● **GIVEN RECORDS**:
◆ ◆ ◆ ◆ ◆ ◆ ◆

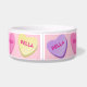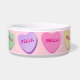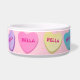 Dieser Valentinstag zeigt Ihrem Hund, wie viel Sie sie den ganzen Monat lang Liebe haben. Nostalgische Süßwarenherzen in Rosa, Grün, lila, Gelb und Blau umkreisen diese Schüssel und jedes Herz ist mit dem Namen Ihres Hundes abgestimmt.
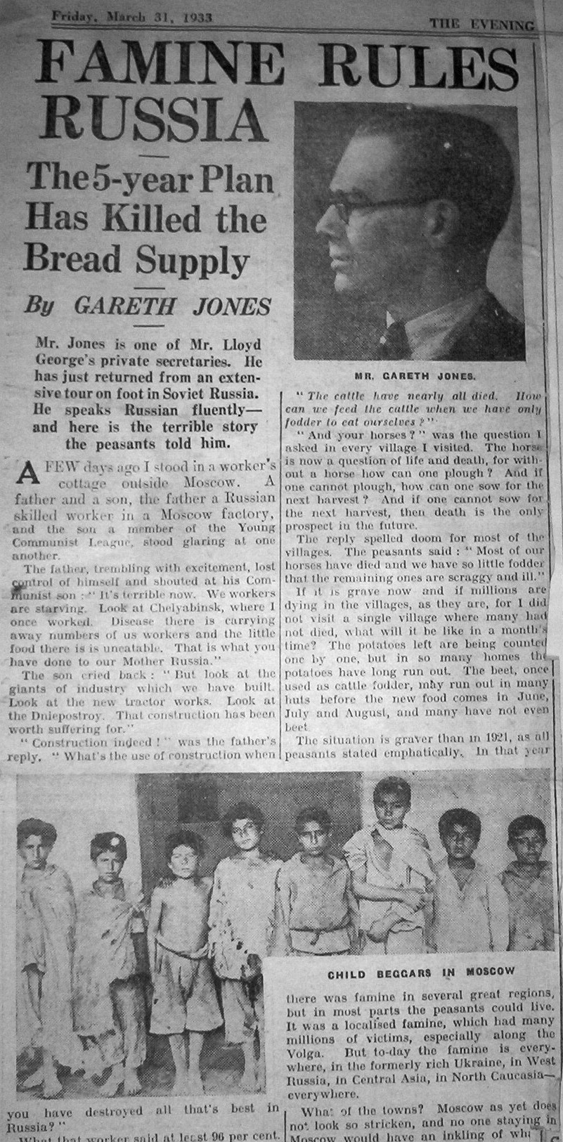 Excerpt revealing Famine Conditions from Gareth's Diary for 21st March 1933 Click on the above picture for more legible detail & transcript.. The following articles, all stem from Gareth's Berlin Press Conference on 29th March, exposing his discovery of widespread famine within the Soviet Union... New York Evening Post. Foreign Service. From Berlin, Wednesday March 29th 1933. Gareth's first famine report, filed by H. R. Knickerbocker, the 1931 Pulitzer Prize Winner.
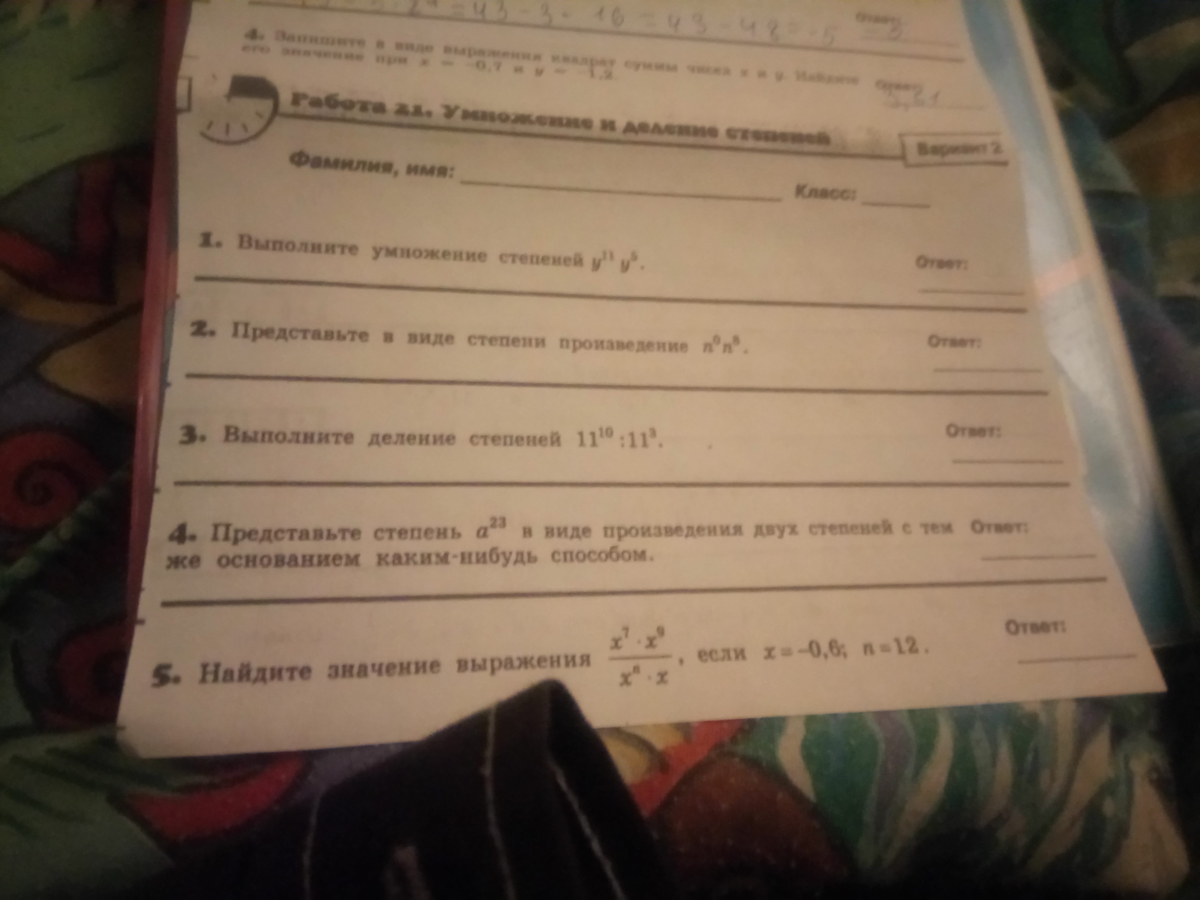 5. x⁷*x⁹/(xⁿ*x)=x⁽⁷⁺⁹⁾*x⁽ⁿ⁺¹⁾=x¹⁶/x⁽¹²⁺¹⁾=x¹⁶/x¹³=x⁽¹⁶⁻¹³⁾=x³=(-0,6)³=-0,216.
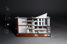 Lastly, the primary strategy to organize books is to integrate shelves within the curved walls to ensure users experience the maximum space flow and enhance the sinuous architectural aesthetic.
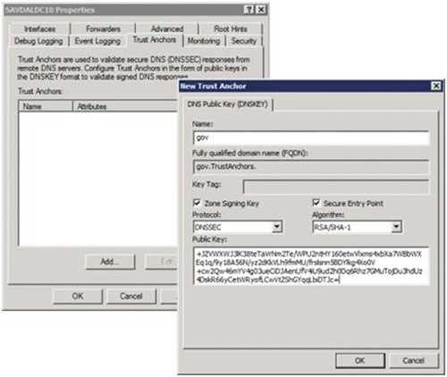 С помощью процесса, названного DNSEC Lookaside Validation (DLV), можно настроить отношение доверия между клиентами DNS и открытыми ключами. В Интернете существуют хранилища, в которые зоны с поддержкой технологии DNSSEC могут загружать открытые ключи. После этого ключи могут использоваться клиентами. Считается, что данные хранилища гарантируют легитимность находящихся в них ключей — точно так же мы доверяем центру VeriSign в процессе проверки компаний и выдачи им сертификатов с подписью кода или сертификатов SSL. Организация может скачать содержимое хранилища, и средствами Active Directory (AD) реплицировать информацию DNSSEC между всеми серверами DNS (механизм DLV не поддерживается платформой Server 2008 R2).
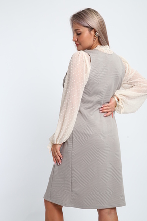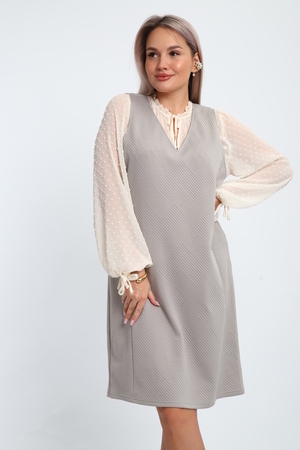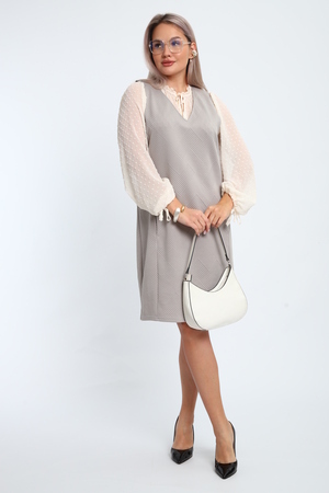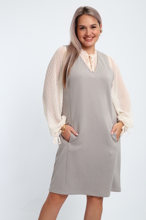 Создайте свой неповторимый образ с помощью универсального сарафана, к которому можно подобрать разнообразные блузки, водолазки, свитшоты. Сарафан прямого кроя, слегка притален, благодаря отрезному бочку, аккуратная V-образная горловина обработана обтачкой, в швах притачивания бочков имеются внутренние карманы. Пройма достаточно глубокая, чтобы не стеснять рукав блузки, длина до середины колена. Лаконичность деталей кроя подчеркивает стиль и элегантность изделия. Свободный крой сарафана и воздухопроницаемость ткани обеспечивают комфорт и свободу движения, что делает его идеальным для повседневного ношения. Модная геометрическая рельефная фактура ткани придает изделию стильный и современный образ. Базовые расцветки сарафана помогут с легкостью подобрать к нему пару. На работе, в офисе, на прогулке, на празднике вы будете чувствовать себя комфортно и уверенно.
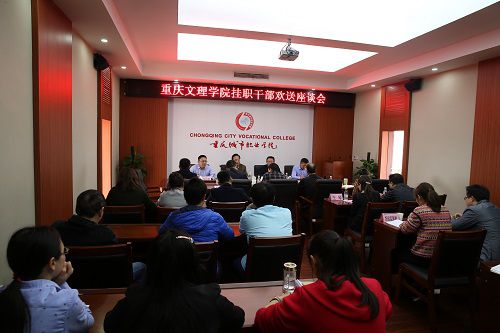 3月15日下午,学院在博学馆607会议室召开重庆文理学院挂职干部皮锋同志的欢送座谈会。重庆文理学院党委副书记、纪委书记李德全,纪委副书记蒋礼文,教工部副部长钱闾建,挂职干部皮锋,学院党委书记刘波,院长江洪,副院长文斌,党政办、组织人事处、宣传部、学工部负责人,纪检监察审计处等相关工作人员参加座谈会。会议由江洪同志主持。
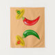 This awesome tapestry features a pair of chilis, a red chilli and a green chilli. They both have black eyes and pink mouths. Each Chilli is wearing a sombrero hat that has a skull of the opposite colour to the chilli on it in celebration of the Mexican Day of the Dead festival, Dia De Los Muertos. The sombrero also contains three flowers with alternating red and green petals representing the flag of Mexico.
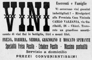 Ma dal vitigno freisa non si ottenevano solo vini di pregio e da pasto ma anche un passito molto apprezzato. Infatti già nel 1884 il produttore di Chieri Giuseppe Gerbino era stato premiato con la medaglia d’oro alla Esposizione Generale Italiana di Torino, nella sezione vini rossi liquorosi e da dessert, con questa motivazione: “per la sua freisa passita eccellente per fragranza e gusto squisito”.
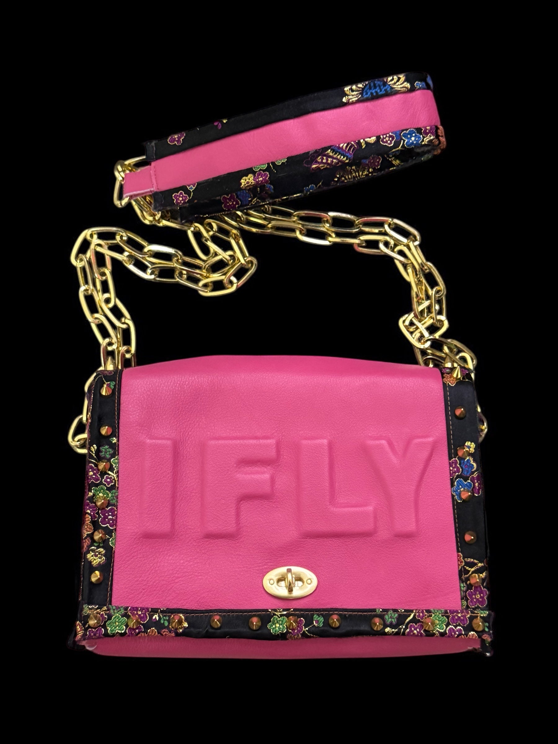 Ginuwine Leather handcrafted Shoulder bag with lock and Chain Handle. Designed to POP with style.

◆ ◆ ◆ ◆ ◆ ◆ ◆

● **EXERCISE OBJECTIVE**: From top to bottom, restate the records above exactly and omit every picture.

● **EXERCISE OUTPUT**:
 Dieser Valentinstag zeigt Ihrem Hund, wie viel Sie sie den ganzen Monat lang Liebe haben. Nostalgische Süßwarenherzen in Rosa, Grün, lila, Gelb und Blau umkreisen diese Schüssel und jedes Herz ist mit dem Namen Ihres Hundes abgestimmt.
 Excerpt revealing Famine Conditions from Gareth's Diary for 21st March 1933 Click on the above picture for more legible detail & transcript.. The following articles, all stem from Gareth's Berlin Press Conference on 29th March, exposing his discovery of widespread famine within the Soviet Union... New York Evening Post. Foreign Service. From Berlin, Wednesday March 29th 1933. Gareth's first famine report, filed by H. R. Knickerbocker, the 1931 Pulitzer Prize Winner.
 5. x⁷*x⁹/(xⁿ*x)=x⁽⁷⁺⁹⁾*x⁽ⁿ⁺¹⁾=x¹⁶/x⁽¹²⁺¹⁾=x¹⁶/x¹³=x⁽¹⁶⁻¹³⁾=x³=(-0,6)³=-0,216.
 Lastly, the primary strategy to organize books is to integrate shelves within the curved walls to ensure users experience the maximum space flow and enhance the sinuous architectural aesthetic.
 С помощью процесса, названного DNSEC Lookaside Validation (DLV), можно настроить отношение доверия между клиентами DNS и открытыми ключами. В Интернете существуют хранилища, в которые зоны с поддержкой технологии DNSSEC могут загружать открытые ключи. После этого ключи могут использоваться клиентами. Считается, что данные хранилища гарантируют легитимность находящихся в них ключей — точно так же мы доверяем центру VeriSign в процессе проверки компаний и выдачи им сертификатов с подписью кода или сертификатов SSL. Организация может скачать содержимое хранилища, и средствами Active Directory (AD) реплицировать информацию DNSSEC между всеми серверами DNS (механизм DLV не поддерживается платформой Server 2008 R2).
 Создайте свой неповторимый образ с помощью универсального сарафана, к которому можно подобрать разнообразные блузки, водолазки, свитшоты. Сарафан прямого кроя, слегка притален, благодаря отрезному бочку, аккуратная V-образная горловина обработана обтачкой, в швах притачивания бочков имеются внутренние карманы. Пройма достаточно глубокая, чтобы не стеснять рукав блузки, длина до середины колена. Лаконичность деталей кроя подчеркивает стиль и элегантность изделия. Свободный крой сарафана и воздухопроницаемость ткани обеспечивают комфорт и свободу движения, что делает его идеальным для повседневного ношения. Модная геометрическая рельефная фактура ткани придает изделию стильный и современный образ. Базовые расцветки сарафана помогут с легкостью подобрать к нему пару. На работе, в офисе, на прогулке, на празднике вы будете чувствовать себя комфортно и уверенно.
 3月15日下午,学院在博学馆607会议室召开重庆文理学院挂职干部皮锋同志的欢送座谈会。重庆文理学院党委副书记、纪委书记李德全,纪委副书记蒋礼文,教工部副部长钱闾建,挂职干部皮锋,学院党委书记刘波,院长江洪,副院长文斌,党政办、组织人事处、宣传部、学工部负责人,纪检监察审计处等相关工作人员参加座谈会。会议由江洪同志主持。
 This awesome tapestry features a pair of chilis, a red chilli and a green chilli. They both have black eyes and pink mouths. Each Chilli is wearing a sombrero hat that has a skull of the opposite colour to the chilli on it in celebration of the Mexican Day of the Dead festival, Dia De Los Muertos. The sombrero also contains three flowers with alternating red and green petals representing the flag of Mexico.
 Ma dal vitigno freisa non si ottenevano solo vini di pregio e da pasto ma anche un passito molto apprezzato. Infatti già nel 1884 il produttore di Chieri Giuseppe Gerbino era stato premiato con la medaglia d’oro alla Esposizione Generale Italiana di Torino, nella sezione vini rossi liquorosi e da dessert, con questa motivazione: “per la sua freisa passita eccellente per fragranza e gusto squisito”.
 Ginuwine Leather handcrafted Shoulder bag with lock and Chain Handle. Designed to POP with style.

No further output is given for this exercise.